Friday, October 3, 2008

Russian magnate dumps Magna shares to pay debt

Russian magnate dumps Magna shares to pay debt3-month TSX trading in Magna A stock

Russia's wealthiest man has been forced to dump his 20 per cent stake in Magna International after creditors squeezed his own cash-strapped car-making subsidiary, Magna said Friday.

Oleg Deripaska, who is worth an estimated $26 billion US, gave the shares to an unnamed creditor after the company, reputed to be French bank BNP Paribas SA, started pressuring a subsidiary of Deripaska's Russian Machines in the wake of September's global financial meltdown.

The move knocked Magna's share price down $2.92 Cdn to a new 52-week low of $46.32 in TSX trading. The 52-week high of $96.21 was hit in October 2007.

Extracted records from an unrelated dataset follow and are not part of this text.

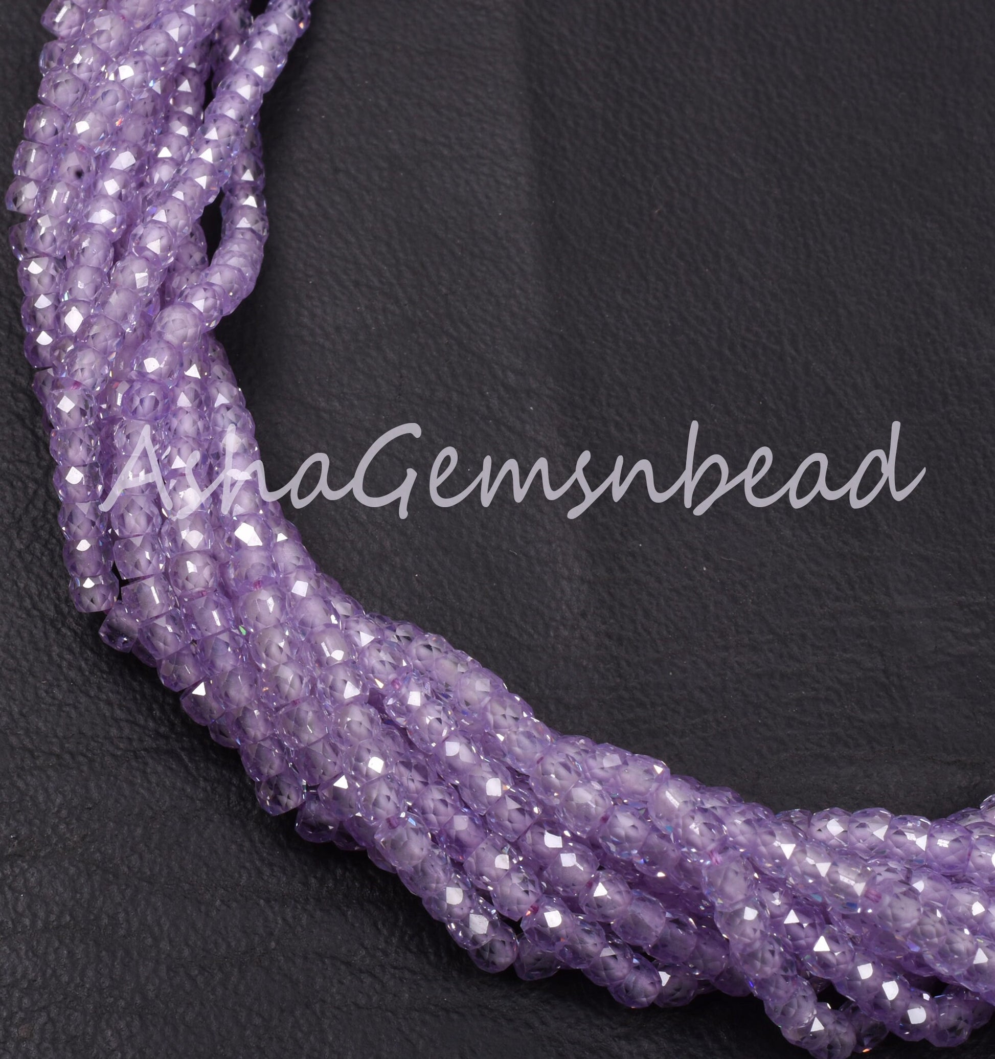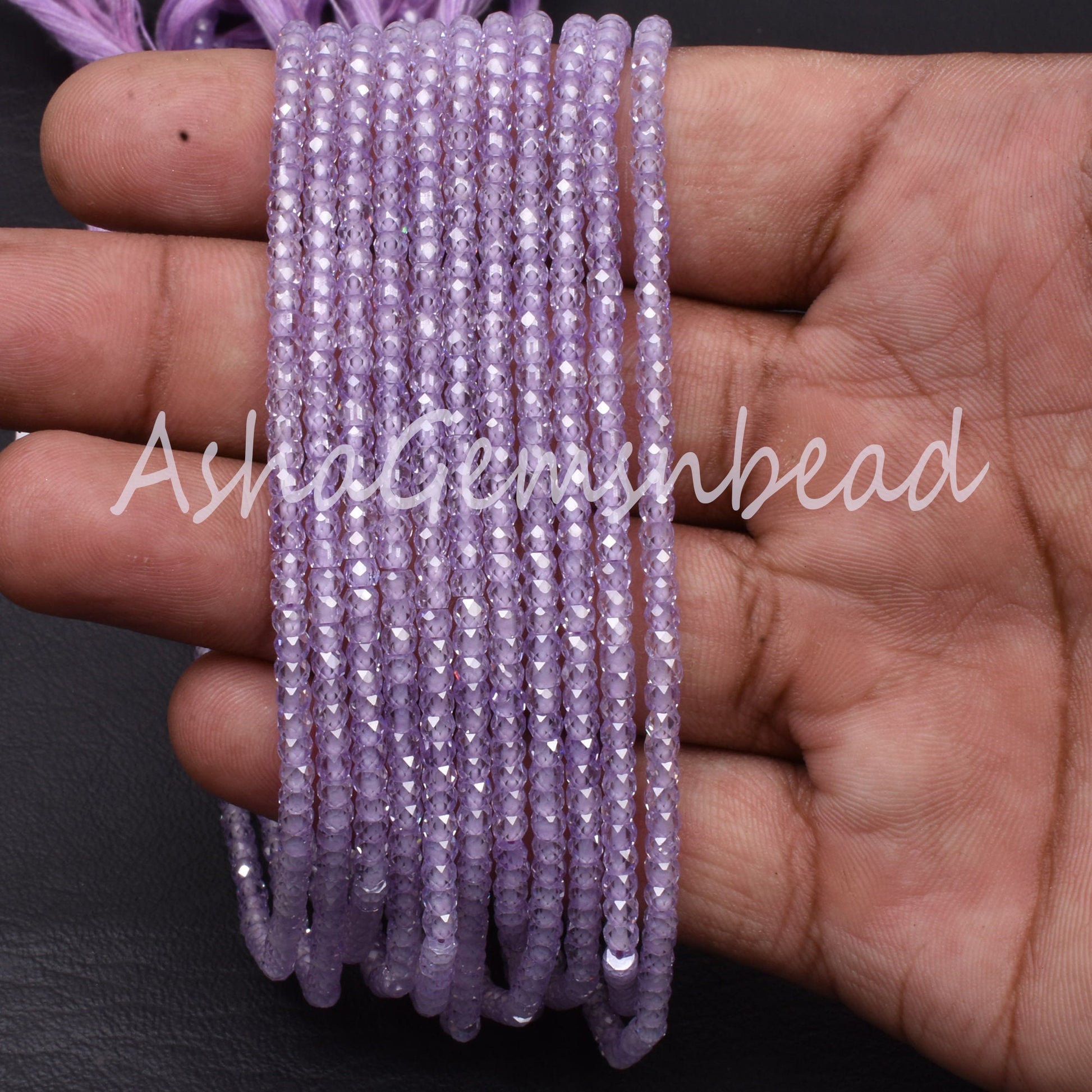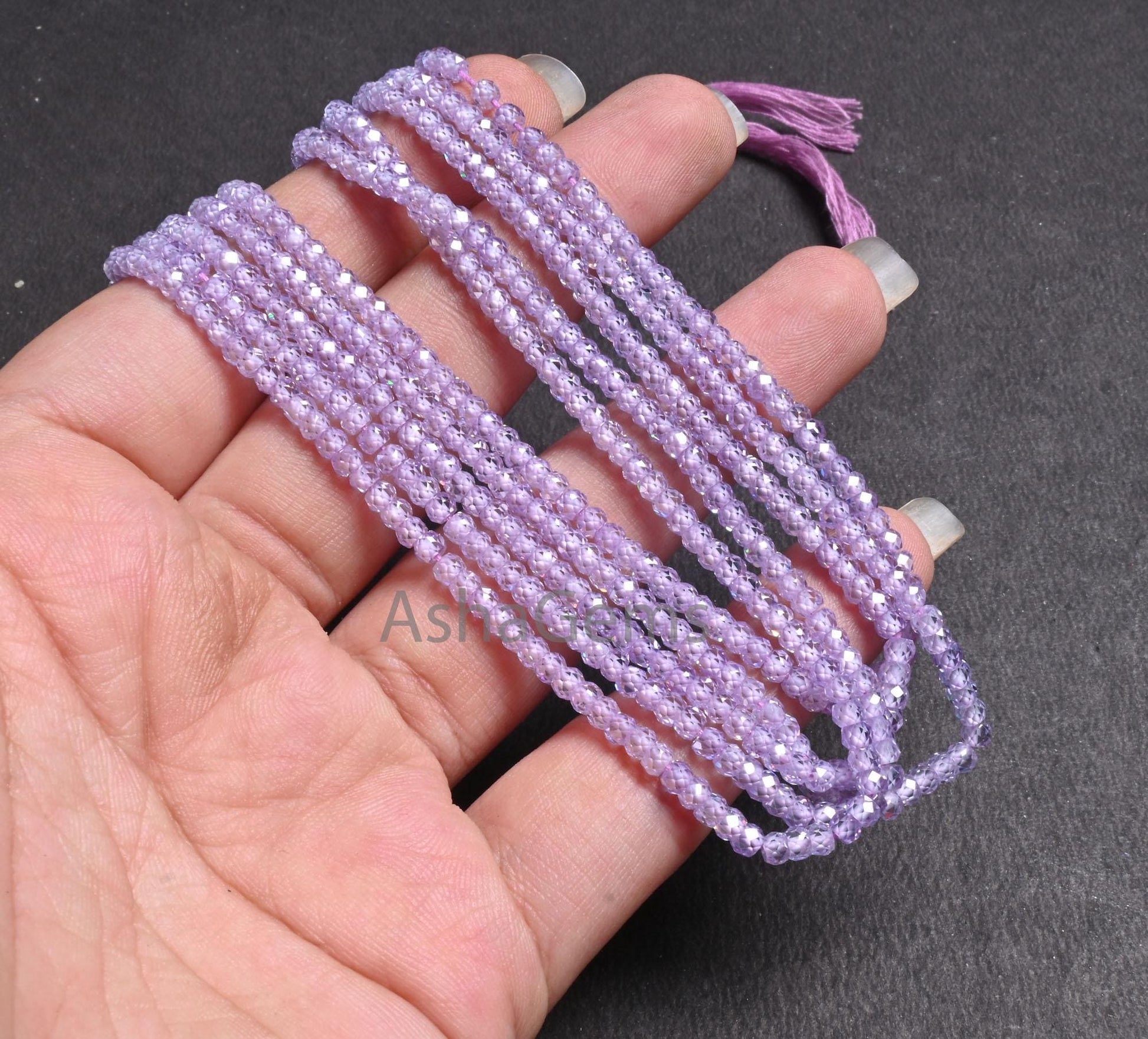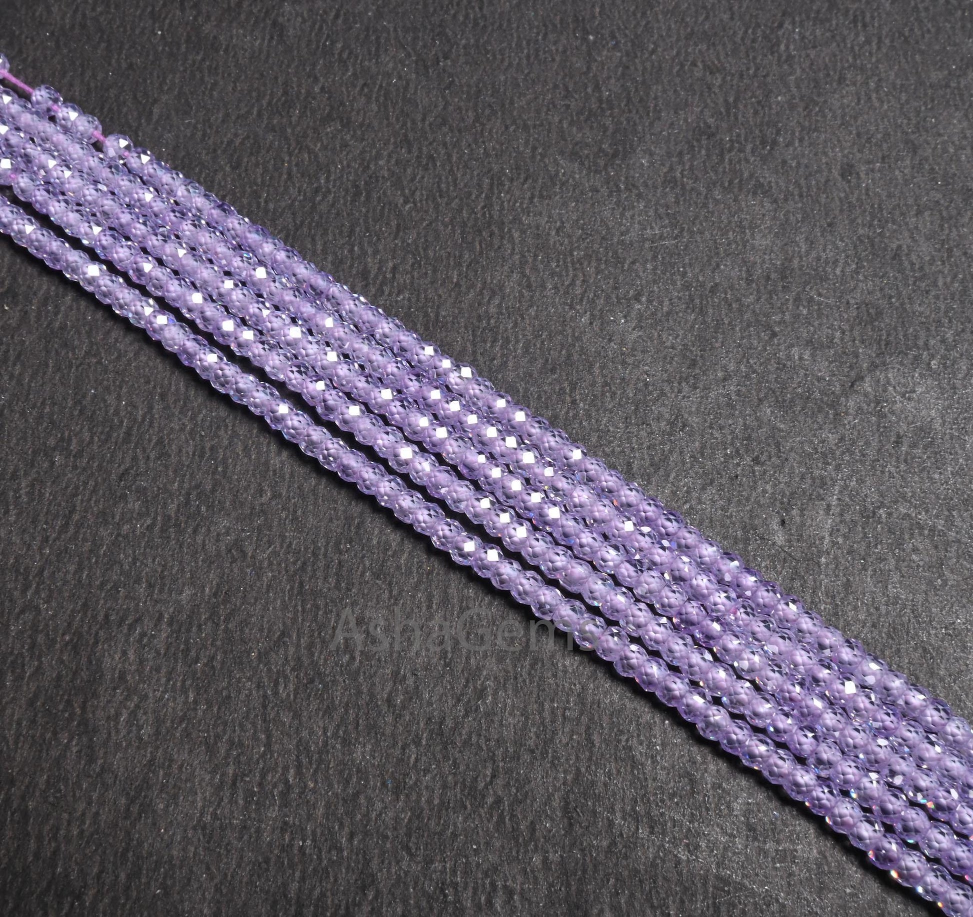 3 mm Wonderful Light purple Lavender Zircon Machine Cut Rondelle Beads, 13" Cubic zircon Micro Faceted Rondelle Beads Jewelry Craft SALE
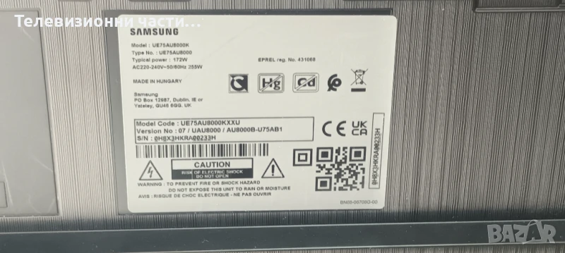 Samsung UE75AU8000K със счупен екран CY-SA075HGHV4H/BN41-02844B BN94-17252E/BN44-01112A/S1AB-750SM0
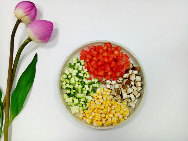 Bạn rửa sạch cà chua, bí ngòi, nấm đông cô rồi thái hạt lựu tất cả. Hành lá bỏ gốc, rửa sạch và cắt nhỏ. Nếu dùng ngô ngọt đóng hộp, bạn không cần rửa qua ngô. Nếu dùng bắp ngô tươi, bạn tách lấy hạt ngô, rửa qua với nước rồi để ráo.
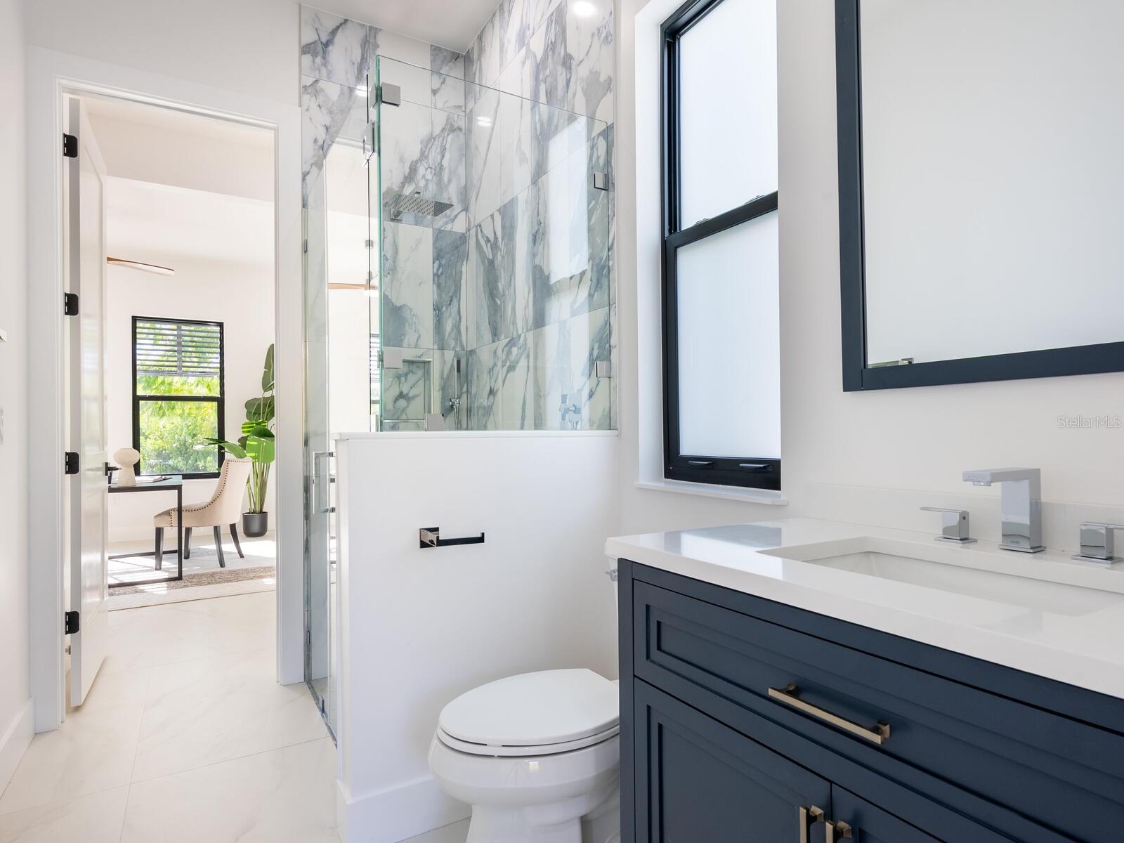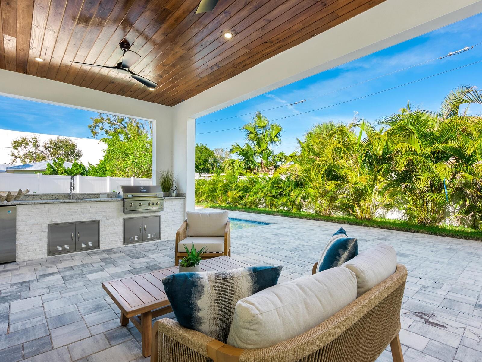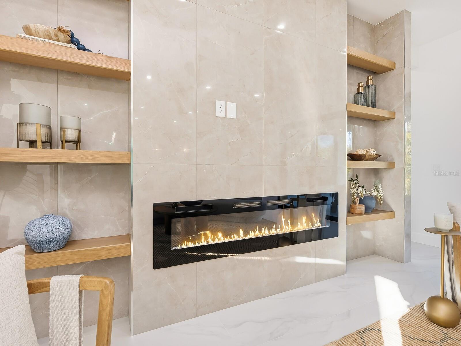 In the well-established Loma Linda Park neighborhood in Sarasota, this new construction, Divald Homes custom-built two-story home offers a blend of modern design and traditional elements. The home is ideally near downtown Sarasota, Siesta Key and Sarasota Memorial Hospital, with no deed restrictions or HOA fees. The home features four bedrooms and three baths, including a spacious primary suite on the main floor. The open-concept floor plan featuring a 24-by-48-inch modern floor tile throughout, hurricane impact sliding doors and windows offers a light-filled welcoming space ideal for entertaining. The main floor includes a gourmet kitchen, dining area, living room, private den/bedroom 4, primary suite with an ensuite bath and a dedicated laundry room. The chef's kitchen is a centerpiece, showcasing Bosch appliances, an oversized island with waterfall quartz countertop, and custom floor-to-ceiling full-overlay cabinetry in a beautiful honey-stained wood tone. The living room is highlighted by a striking tile accent wall with custom wood shelving and modern designed 42-inch linear electric fireplace. The living room opens seamlessly to the lanai, complete with an outdoor kitchen, including a gas grill, refrigerator and sink. You will also enjoy the pool with sundeck, oversized outdoor patio and a beautiful backyard with lush native plantings. A convenient pool bath offers direct access from the lanai and the private den. The dining area is elegant and inviting, featuring a statement iron chandelier and a wall of windows overlooking the backyard. Just off the kitchen, the main-floor primary suite serves as a private retreat with a luxurious en-suite bath featuring a marble stone accent wall, a large walk-in shower with seamless glass enclosure, a sculptural slipper tub, double vanity with quartz countertops, natural wood cabinetry, LED mirrors and a spacious walk-in closet with custom built-ins. The laundry room is conveniently near the oversized two-car garage with 12-foot ceilings, large windows for natural light and direct access to the side yard. Upstairs, an ornate wrought-iron and hardwood staircase leads to two additional bedrooms, a beautifully finished guest bath and a versatile flex room ideal for a game room, study or guest accommodations. This thoughtfully designed home offers refined finishes, flexible living spaces and an exceptional location, ideal for enjoying the Sarasota lifestyle.
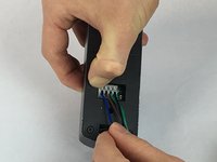 While pressing the gray square button, remove the blue wire from the first opening under the button.
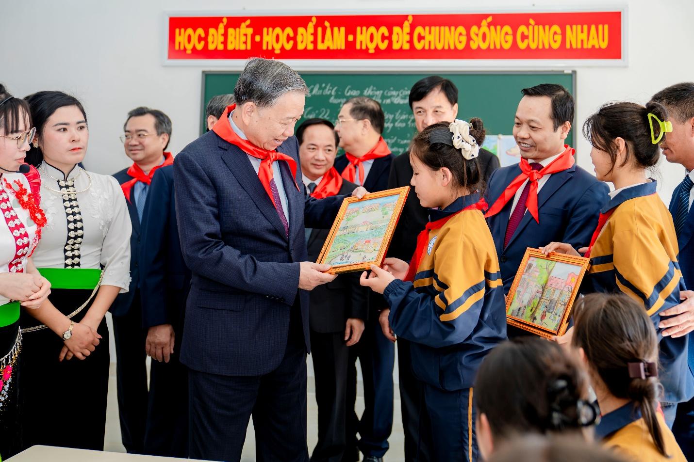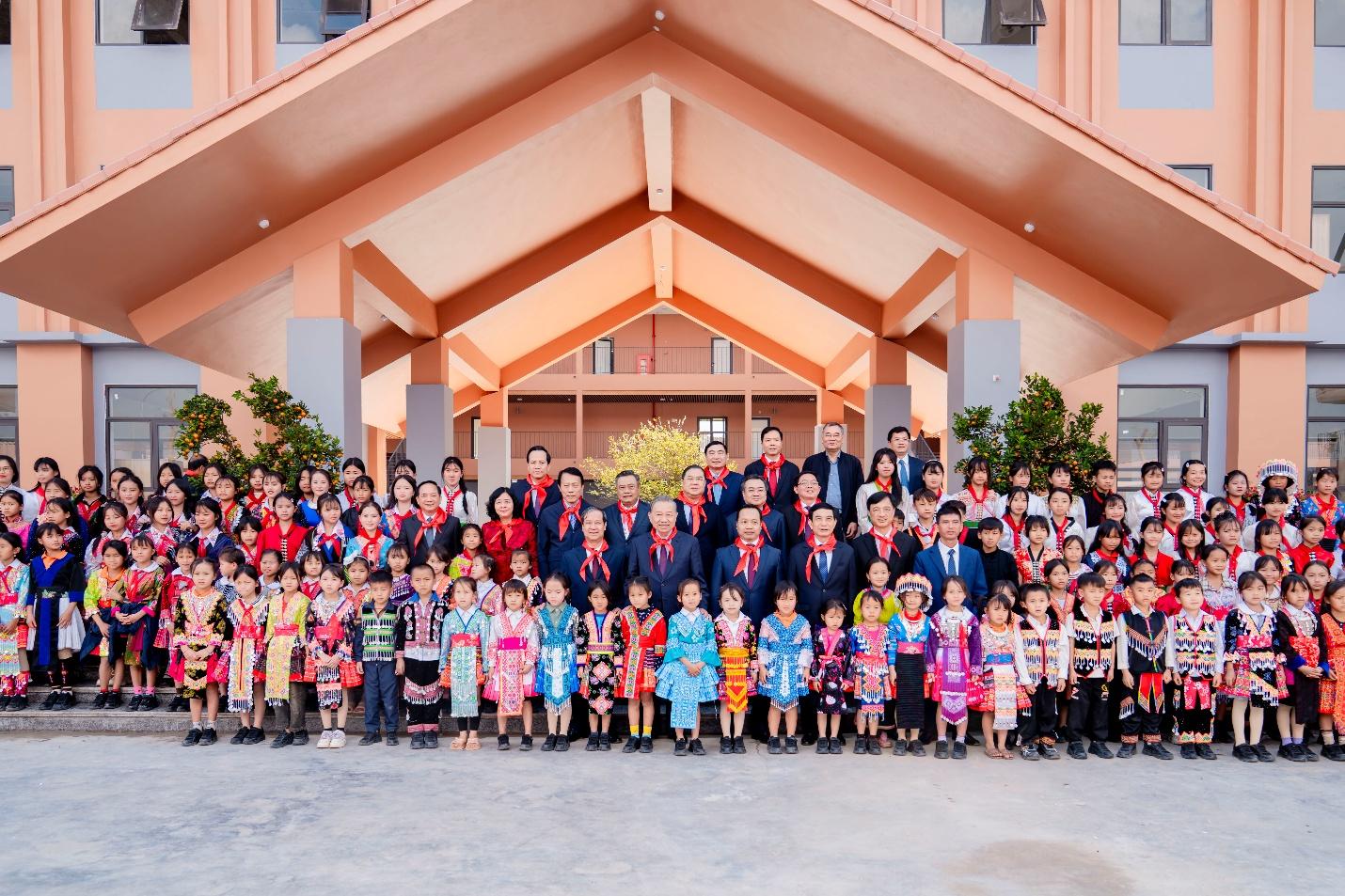 Tổng Bí thư Tô Lâm thăm lớp học, động viên thầy và trò trường liên cấp Si Pa Phìn. Đại diện đơn vị thi công, Tập đoàn Sun Group chia sẻ: “Các nhà thầu đã thi công với tinh thần ‘vượt nắng thắng mưa’. Hàng trăm kỹ sư, công nhân đã tổ chức thi công liên tục 2–3 ca/ngày, bất chấp mùa mưa kéo dài hơn 45 ngày gây khó khăn cho công tác san lấp và làm móng. Mục tiêu cao nhất là đưa dự án về đích đúng tiến độ để các em học sinh có thể bắt đầu học kỳ II năm học 2025-2026 trong ngôi trường mới”.
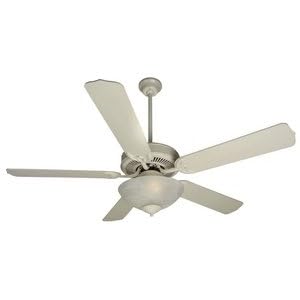 Product Description : K10622 Features: -Ceiling fan.-Contractor style.-Standard, 3 speed reversible motor.-Five blades.-Type 5 blade.-Blade pitch: 12 degree.-RPM (Hi-Med-Low) : 200-120-55.-Airflow efficiency (cubic ft/min/watt): 92.-Universal control adaptable remote (optional).-Motor size: 153mm x 12mm. Includes: -2'' and 4'' Downrods included. Color/Finish: -Fan finish: Antique white.-Blade finish: Antique white. Specifications: -Fan speed: 0.7 amps.-Fan electricity usage: 67 Watts. Dimensions: -Fan dimensions: 10.51'' H x 21.06'' W x 10.04'' D.-Blade length: 52''.-Blade dimensions: 0.571'' H x 21.06'' W x 11.02'' D. Warranty: -Manufacturer provides 30 year limited warranty.
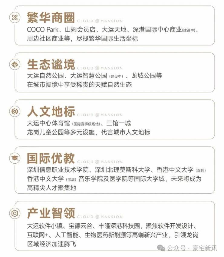 大运新城-深圳东部唯一“城市会客厅”,与前海中心、深圳湾超总、香蜜湖金融街等区域并列深圳六大城市会客厅,汇聚东部大型综合交通枢纽,标杆性文化体育场馆、产业精英商务群、国际大学城等优势,大运新城将成为深圳东部重要发展极点,推动深圳东部增长。
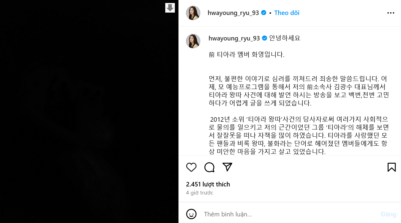 Đến ngày 10/11, Hwayoung đăng 1 bài viết dài nhằm phản pháo lại những lời CEO Kim Kwang Soo nói. Hwayoung cho biết cô bị T-ara bạo hành, bắt nạt và chửi bới chứ không hề giả làm nạn nhân. Nữ rapper này đã im lặng suốt 12 năm qua, cô bức xúc vì Kim Kwang Soo khơi lại câu chuyện và biến cô thành nhân vật phản diện.

The move effectively ends the one-year corporate marriage between parts maker Magna and Russia's second-largest car company, GAZ, a subsidiary of Russian Machines. Deripaska, through his holding company, purchased the stake in Magna in September 2007 for $1.54 billion US.

For Magna, the partnership was a way into the growing Russian vehicle market, a place the Canadian company still believes can be lucrative.

"Our strategic alliance with Russian Machines has assisted us in accelerating our growth in the Russian market," said Siegfried Wolf, Magna's co-chief executive officer.

"We believe that the Russian market still holds significant opportunities for us and intend to continue to pursue joint opportunities with Russian Machines and GAZ, as well as other opportunities to advance our position in Russia."

Deripaska has seen most of his financial holdings come under pressure in recent weeks.

Russia's stock market has fallen 30 per cent since July, partly as a result of recent aggressive moves by the government but also due to the drop in commodity prices.